With this newly-earned reputation comes higher expectations, and his upcoming Laugh Ash (February 2 2024, Pyroclastic Records) lives up to it with another ambitious project that’s not a mere repeat of what he’s done before.

To carry out his big ideas, Smith needed a big line-up, in terms of both size and acumen. So, he recruited James Brandon Lewis (tenor sax), Nate Wooley (trumpet), Anna Webber (flute), Shahzad Ismaily (bass, keys), Oscar Noriega (clarinets), Shara Lunon (voice), Jennifer Choi (violin), Kyle Armbrust (viola) and Michael Nicolas (cello). Smith handles a lot on his own, playing various percussion instruments in addition to making electronic noises.

One can look at this array of instruments and wonder if Smith intended to make bop, hip-hop, experimental or chamber music. The answer is, yes. It’s unique enough already, but made even more so by how he puts it all together.

“Minimalism” is a jumbled mixture of chamber jazz, krautrock and spoken word lasting barely 150 seconds. But once your ears absorb the blast of genres that normally don’t get mashed together, you realize there’s a coherency to it. Like the album cover’s depiction of a flame burning from a pail, Smith feeds his bucket of songs with a potpourri of styles, approaches and arrangements that ignite when blended together.

Atari-era electro-bloops co-exist with string trio and programmed thumps for “Remote Convivial,” the melodic lead left to the woodwinds and trumpet as roles are carefully defined and carried out.

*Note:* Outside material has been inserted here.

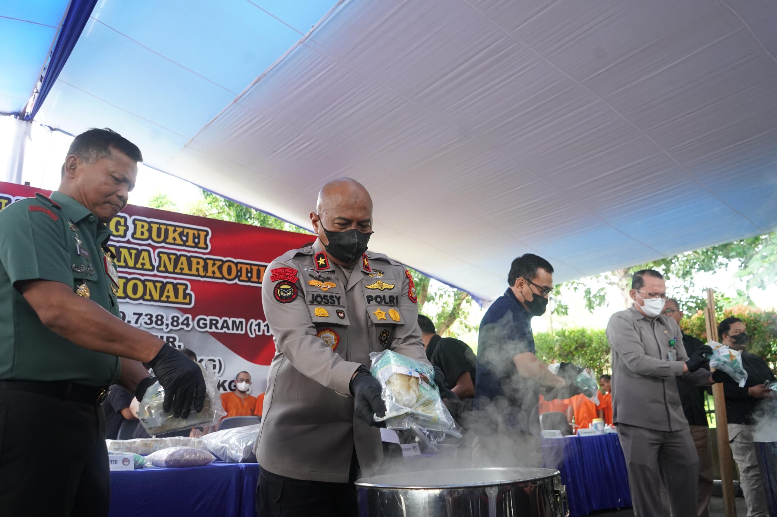 Dalam kegiatan pemusnahan barang bukti narkotika yang digelar hari ini, Polda Riau memusnahkan Barang Bukti Narkoba terdiri dari sabu seberat 119,7 kg, heroin 3,87 kg, ekstasi sebanyak 43.674 butir, dan ganja seberat 16 kg.

Lunon’s poetic recital on “Sweatered Webs (Hey Mom)” goes along to the beat but isn’t quite rap; her provocative delivery turn the poetry that she wrote into sonic art. And then here comes Lewis with a sax obliterating the line between tonal and atonal.

“Shaken, Stirred Silence” actually plays out as titled, a stillness that gets disturbed by bass, strings, electronic noises and voice until the beast awakens and a hip-hop groove ensues, gathering density along the way. Smith’s vibes with that strings actually play in the pocket.

Experimental electronica is prominent on “The Most Fucked,” Lunon’s voice manipulated into an instrument of its own as Webber’s flute provides acoustic balance. Smith sticks with vibes for the all-acoustic the avant chamber piece “Winter Sprung.”

“Disco Inferred” manages to excel in carefully constructed composition alongside improvisation, acoustic alongside electronic, all at once. “Unyielding Daydream Welding” has an RnB flavor that tarts up the electro-acoustic jazz foundation, underscored by Lewis’ funky wails. Lastly, Smith deftly marries a serpentine figure to an odd meter at the apex of his modern classical piece “Exit Shivers”

It gets harder and harder to artfully stand out in music today, especially in the highly improvisational experimental/avant-garde world that Ches Smith has long made his musical home. Nonetheless, with highly original records like Laugh Ash, that’s becoming habitual for him.